> **PROBLEM TO SOLVE**
Exactly as written, please set down all of the entries again, with no pictures.

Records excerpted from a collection
***

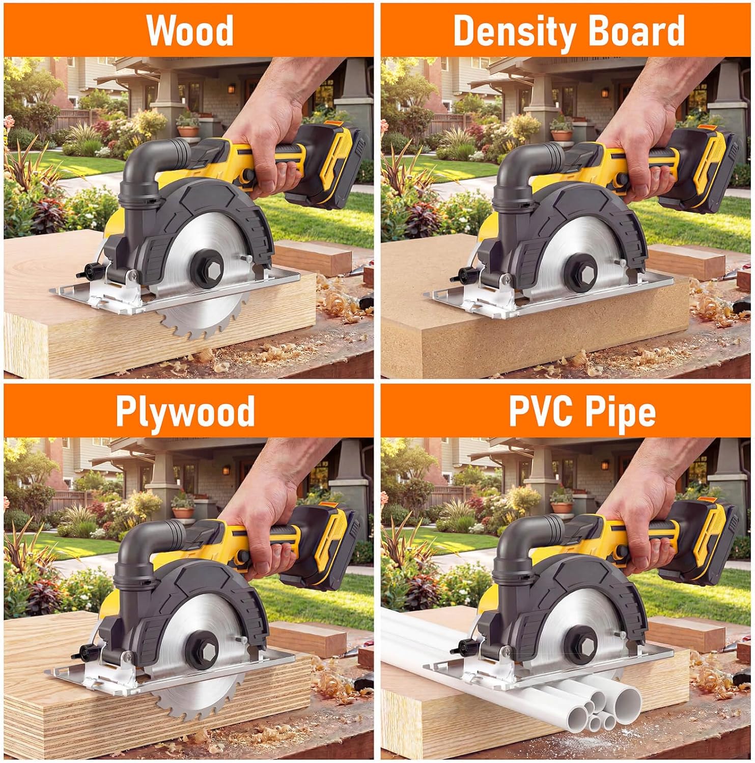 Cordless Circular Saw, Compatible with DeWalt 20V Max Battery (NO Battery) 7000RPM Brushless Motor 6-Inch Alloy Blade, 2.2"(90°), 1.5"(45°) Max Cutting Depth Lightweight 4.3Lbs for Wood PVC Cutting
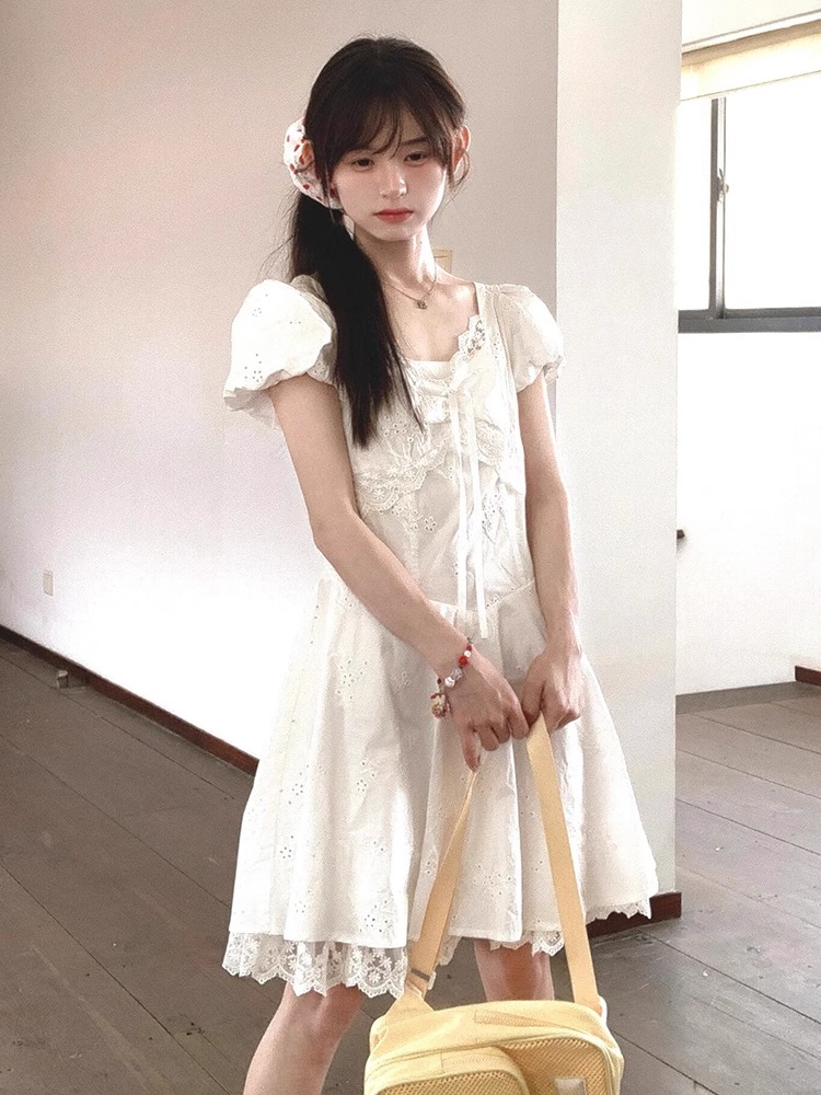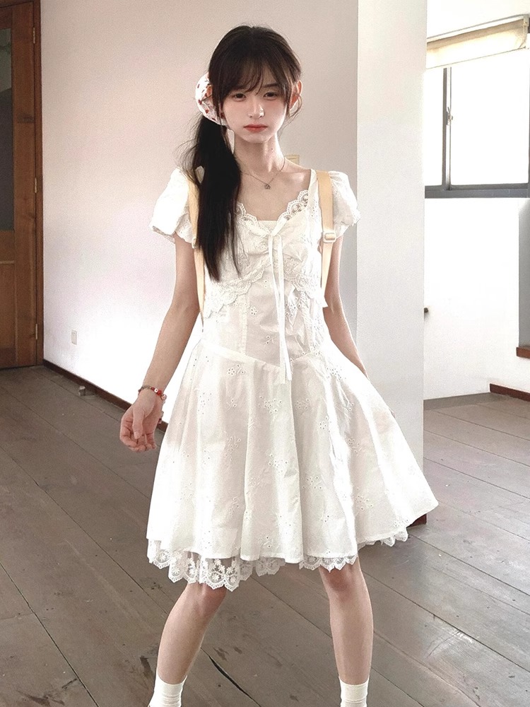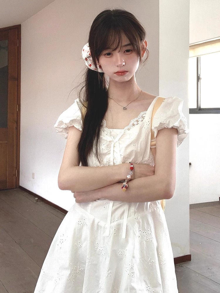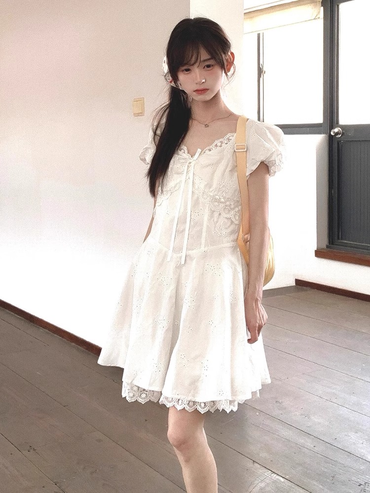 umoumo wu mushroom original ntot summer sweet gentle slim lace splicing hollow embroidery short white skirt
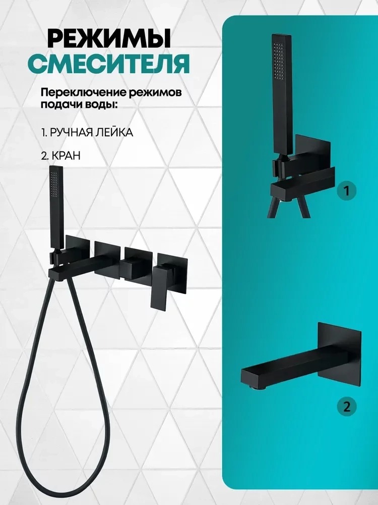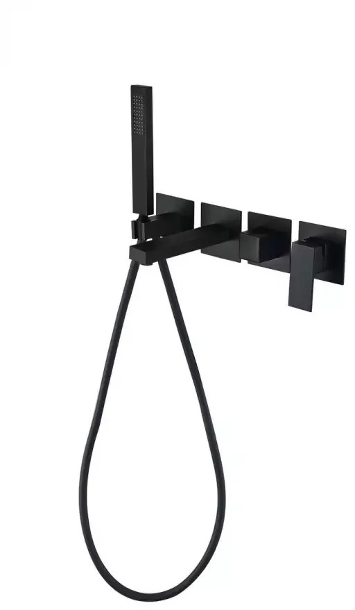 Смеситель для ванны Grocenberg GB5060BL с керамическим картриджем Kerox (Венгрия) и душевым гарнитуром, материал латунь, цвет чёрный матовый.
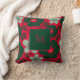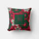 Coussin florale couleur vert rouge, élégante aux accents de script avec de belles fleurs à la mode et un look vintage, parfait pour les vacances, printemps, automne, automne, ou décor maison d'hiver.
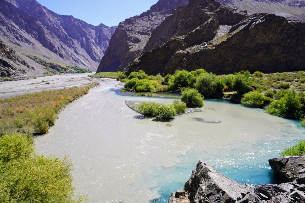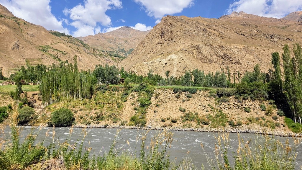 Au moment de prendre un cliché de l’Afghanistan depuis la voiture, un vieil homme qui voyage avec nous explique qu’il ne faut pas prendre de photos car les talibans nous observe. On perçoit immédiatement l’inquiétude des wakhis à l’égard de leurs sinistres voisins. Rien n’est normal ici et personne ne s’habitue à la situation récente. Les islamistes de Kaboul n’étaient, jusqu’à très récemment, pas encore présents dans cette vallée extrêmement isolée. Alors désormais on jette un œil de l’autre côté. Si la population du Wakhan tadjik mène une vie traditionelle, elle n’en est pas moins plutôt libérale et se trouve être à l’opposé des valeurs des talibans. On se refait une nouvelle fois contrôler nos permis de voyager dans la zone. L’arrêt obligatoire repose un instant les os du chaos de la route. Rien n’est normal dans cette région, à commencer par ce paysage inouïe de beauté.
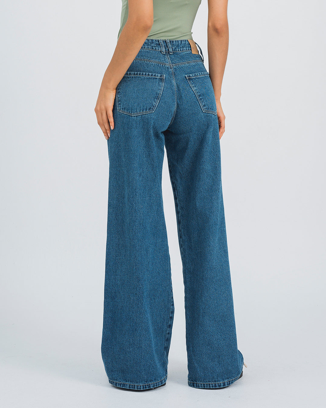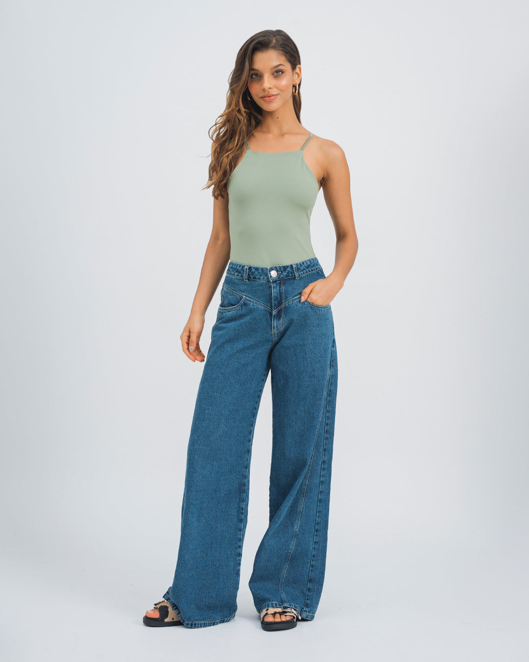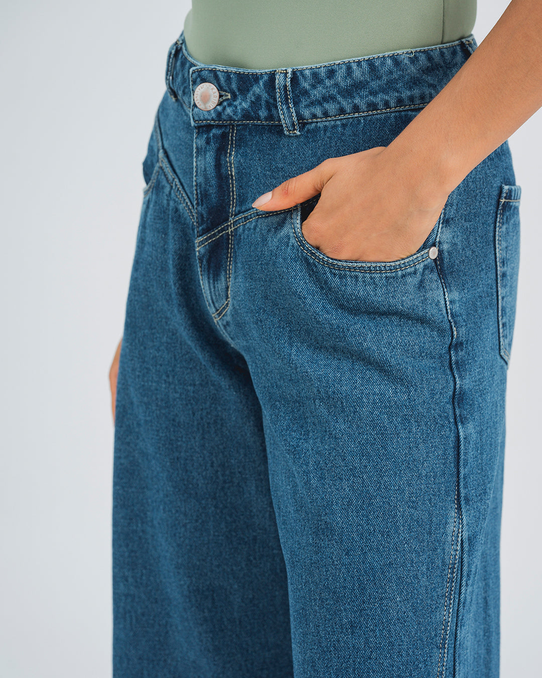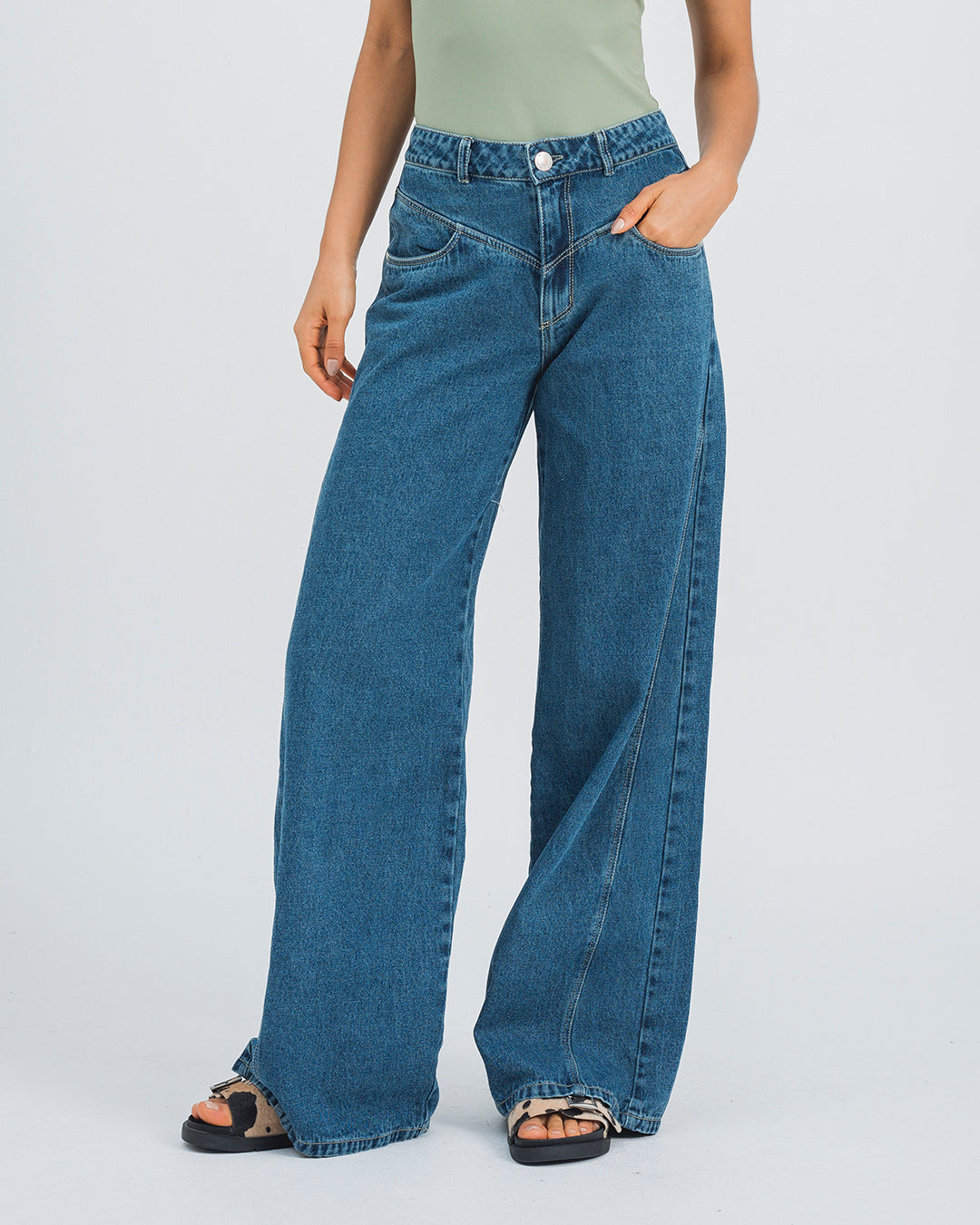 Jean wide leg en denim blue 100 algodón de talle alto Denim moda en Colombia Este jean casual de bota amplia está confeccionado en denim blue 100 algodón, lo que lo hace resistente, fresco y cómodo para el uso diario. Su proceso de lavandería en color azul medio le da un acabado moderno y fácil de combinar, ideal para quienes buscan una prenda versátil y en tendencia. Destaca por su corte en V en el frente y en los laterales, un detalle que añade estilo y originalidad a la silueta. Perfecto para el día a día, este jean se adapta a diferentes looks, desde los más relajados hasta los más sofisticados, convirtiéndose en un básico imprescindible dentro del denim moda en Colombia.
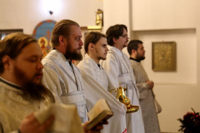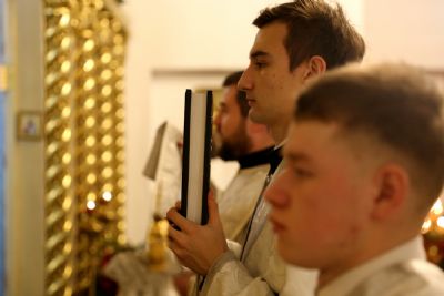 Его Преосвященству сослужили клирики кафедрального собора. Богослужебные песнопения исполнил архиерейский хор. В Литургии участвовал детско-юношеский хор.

***

> **EXERCISE RESULT**
 Cordless Circular Saw, Compatible with DeWalt 20V Max Battery (NO Battery) 7000RPM Brushless Motor 6-Inch Alloy Blade, 2.2"(90°), 1.5"(45°) Max Cutting Depth Lightweight 4.3Lbs for Wood PVC Cutting
 umoumo wu mushroom original ntot summer sweet gentle slim lace splicing hollow embroidery short white skirt
 Смеситель для ванны Grocenberg GB5060BL с керамическим картриджем Kerox (Венгрия) и душевым гарнитуром, материал латунь, цвет чёрный матовый.
 Coussin florale couleur vert rouge, élégante aux accents de script avec de belles fleurs à la mode et un look vintage, parfait pour les vacances, printemps, automne, automne, ou décor maison d'hiver.
 Au moment de prendre un cliché de l’Afghanistan depuis la voiture, un vieil homme qui voyage avec nous explique qu’il ne faut pas prendre de photos car les talibans nous observe. On perçoit immédiatement l’inquiétude des wakhis à l’égard de leurs sinistres voisins. Rien n’est normal ici et personne ne s’habitue à la situation récente. Les islamistes de Kaboul n’étaient, jusqu’à très récemment, pas encore présents dans cette vallée extrêmement isolée. Alors désormais on jette un œil de l’autre côté. Si la population du Wakhan tadjik mène une vie traditionelle, elle n’en est pas moins plutôt libérale et se trouve être à l’opposé des valeurs des talibans. On se refait une nouvelle fois contrôler nos permis de voyager dans la zone. L’arrêt obligatoire repose un instant les os du chaos de la route. Rien n’est normal dans cette région, à commencer par ce paysage inouïe de beauté.
 Jean wide leg en denim blue 100 algodón de talle alto Denim moda en Colombia Este jean casual de bota amplia está confeccionado en denim blue 100 algodón, lo que lo hace resistente, fresco y cómodo para el uso diario. Su proceso de lavandería en color azul medio le da un acabado moderno y fácil de combinar, ideal para quienes buscan una prenda versátil y en tendencia. Destaca por su corte en V en el frente y en los laterales, un detalle que añade estilo y originalidad a la silueta. Perfecto para el día a día, este jean se adapta a diferentes looks, desde los más relajados hasta los más sofisticados, convirtiéndose en un básico imprescindible dentro del denim moda en Colombia.
 Его Преосвященству сослужили клирики кафедрального собора. Богослужебные песнопения исполнил архиерейский хор. В Литургии участвовал детско-юношеский хор.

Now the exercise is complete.